声を発するよりも先に、赤髪の女は魔獣の爪や牙をかい潜り。凄まじい勢いで振り下ろされた大剣の刃が魔獣を斬り裂き。
ギャオオオオオオオオオオオオオオオ⁉︎
今まで、数多くの集落の人間を犠牲にしてきた魔獣が初めて見せた苦悶の反応。
「……き、効いてる……あの魔物に、攻撃が、効いてる、だと……?」
集落で一番の戦士だった父親をはじめ、最初こそ魔獣を倒すために集落の戦士らが束になって抗っていたにもかかわらず。
魔獣へと有効な一撃を与えた様子が見られなかったのに、である。
行き倒れて助けただけの、アズリアといった赤髪の女はハティの眼前で。
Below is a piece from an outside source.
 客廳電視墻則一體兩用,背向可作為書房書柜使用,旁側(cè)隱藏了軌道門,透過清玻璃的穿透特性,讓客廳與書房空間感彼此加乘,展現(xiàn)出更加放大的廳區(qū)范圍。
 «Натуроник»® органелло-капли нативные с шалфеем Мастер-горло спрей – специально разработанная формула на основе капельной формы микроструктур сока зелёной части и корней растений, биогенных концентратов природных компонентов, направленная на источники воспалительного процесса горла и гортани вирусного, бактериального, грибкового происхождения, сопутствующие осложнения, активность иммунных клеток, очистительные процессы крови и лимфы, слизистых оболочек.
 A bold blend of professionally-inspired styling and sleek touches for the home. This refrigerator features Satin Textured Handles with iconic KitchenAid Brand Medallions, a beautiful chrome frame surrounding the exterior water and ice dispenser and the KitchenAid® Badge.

魔獣に有効な一撃を与えたのだった。
ウボオオオオオオオオオオオオオ‼︎
だが魔獣も、アズリアが大振りの攻撃を放ち動きが止まった隙を見逃しはしなかった。
先程の苦痛に満ちた鳴き声と違い、敵対する者を威嚇するような低い咆哮を発すると。
巨大な前脚、いや腕と言うべきか。とにかく鋭い爪をアズリアの真横から勢い良く迫ってきたのだ。
「──ぐ……ぐううッッ⁉︎」
何とか巨大な剣での防御が間に合うものの、魔獣の攻撃の勢いまで殺し切ることは出来ず。真横へと吹き飛ばされてしまうアズリアの身体。
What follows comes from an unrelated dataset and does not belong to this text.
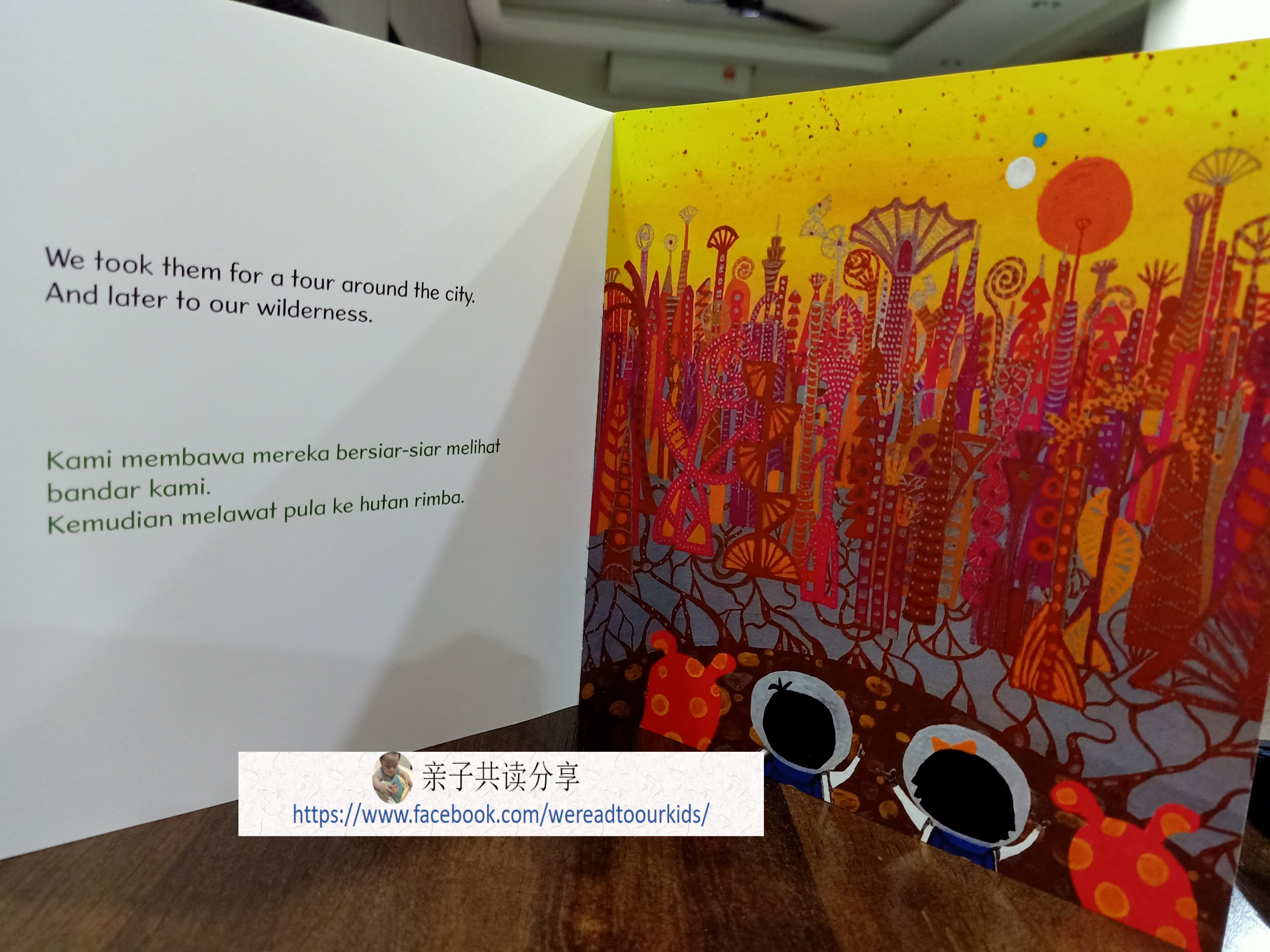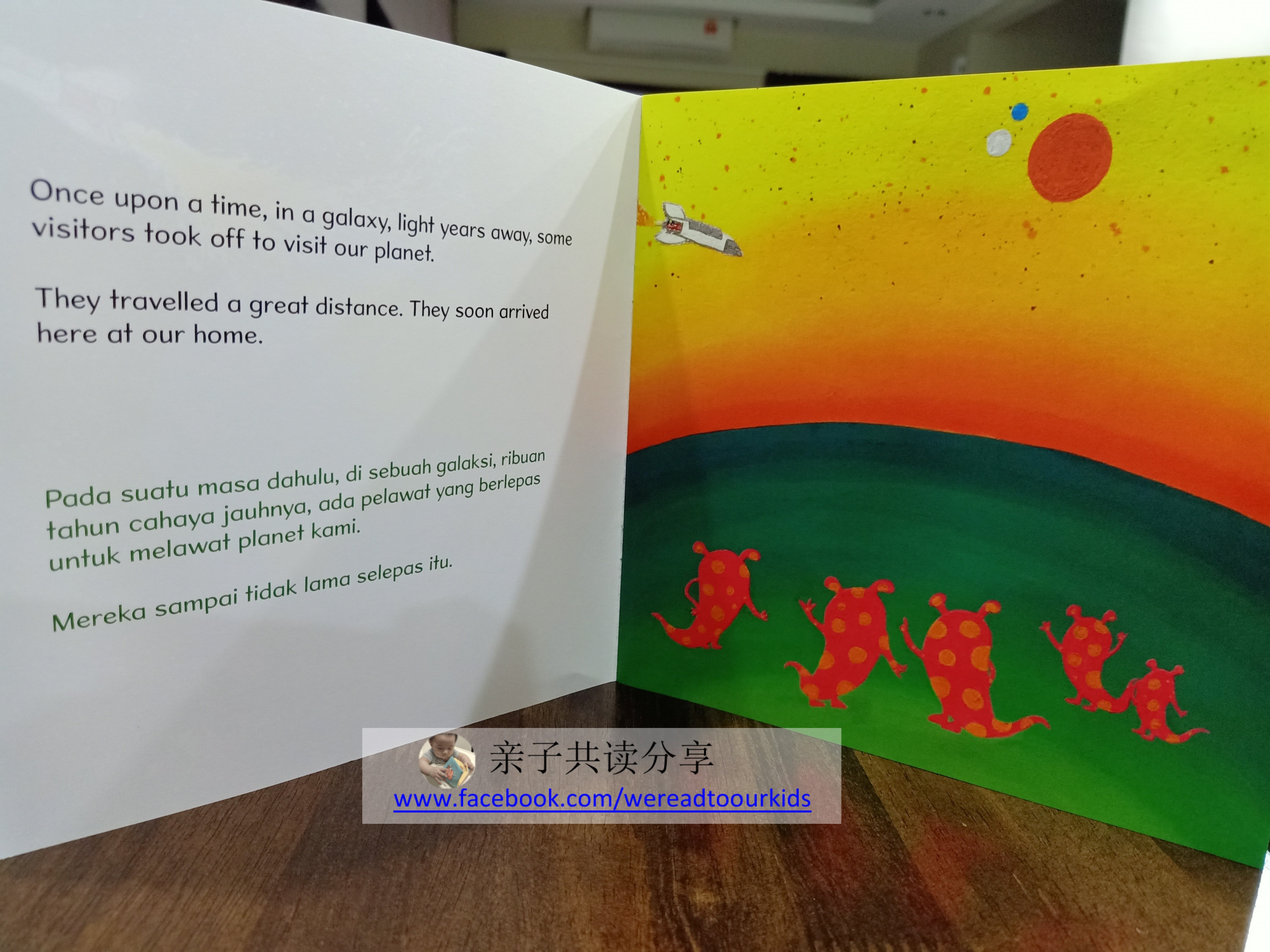 在这本英巫双语绘本里, 被称为“外星人”的访客,来自地球。作者希望通过这样一个观点角色对调的故事,给孩子们带来一个新颖的太空经历,同时让孩子寻思,或许我们地球人与外星人有更多相似之处?

脚を広げて踏ん張りを利かせ、何とか転倒は避けたアズリアだが大きく体勢を崩され。魔獣との距離を空けられてしまう。
「──ッ!……まだ、まだだああああッ!」
当然、アズリアは再び魔獣に剣撃を浴びせるために体勢を立て直していくが。
その時、魔獣がニヤリ……と笑うような顔を見せると。
ハティは自分の父親の死に様を思い出す。
「ほ、炎に気をつけろっっ!」
「……何だってッ⁉︎」
そして、普段の自分では信じられない程の速さで魔獣と交戦中のアズリアへと警告の言葉を発すると。
今にも魔獣に突撃せんとする姿勢のまま、半信半疑ながらハティの声に従い、さらに真横へと転がっていく。
──次の瞬間。つい先程までアズリアが立っていた場所を中心に、魔獣の口から吐き出される紅蓮の炎に飲まれてしまう。